> ABOUT THIS EXERCISE:
Reproduce the full listing as it stands. Images do not belong in the copy.

> INFORMATION SHOWN:
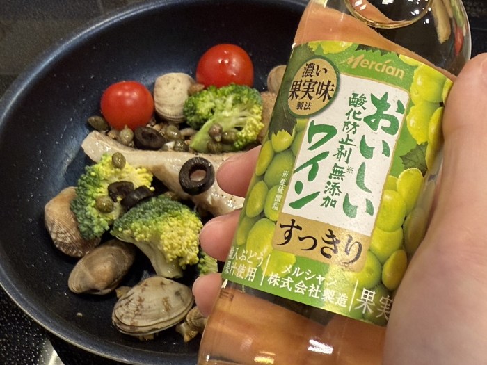 キモになるのが白ワイン。筆者は下戸なので、普段から家に調理酒やワインの備蓄はない。適当に小瓶を買ってきた。
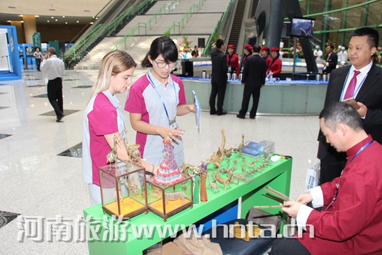 Caitlin的同学Xanthe,同样难掩首次来华的兴奋之情。“我喜欢中国传统工艺,会场里有一项‘捏面人’的手艺,神奇得简直让人难以置信。”她们从“面人”里认识了中国四大名著《红楼梦》里的史湘云、开封府的“包青天”。“用这种手法把历史人物刻画出来,又这么生动,希望我可以把他们介绍给其他国家的参会者。”Xanthe说。
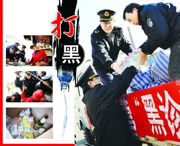 输液瓶竟与啤酒瓶堆在一起。“黑诊所”正在给患者输液。对“黑诊所”进行“搬家底”剿灭。

> WRITTEN RESPONSE:
 キモになるのが白ワイン。筆者は下戸なので、普段から家に調理酒やワインの備蓄はない。適当に小瓶を買ってきた。
 Caitlin的同学Xanthe,同样难掩首次来华的兴奋之情。“我喜欢中国传统工艺,会场里有一项‘捏面人’的手艺,神奇得简直让人难以置信。”她们从“面人”里认识了中国四大名著《红楼梦》里的史湘云、开封府的“包青天”。“用这种手法把历史人物刻画出来,又这么生动,希望我可以把他们介绍给其他国家的参会者。”Xanthe说。
 输液瓶竟与啤酒瓶堆在一起。“黑诊所”正在给患者输液。对“黑诊所”进行“搬家底”剿灭。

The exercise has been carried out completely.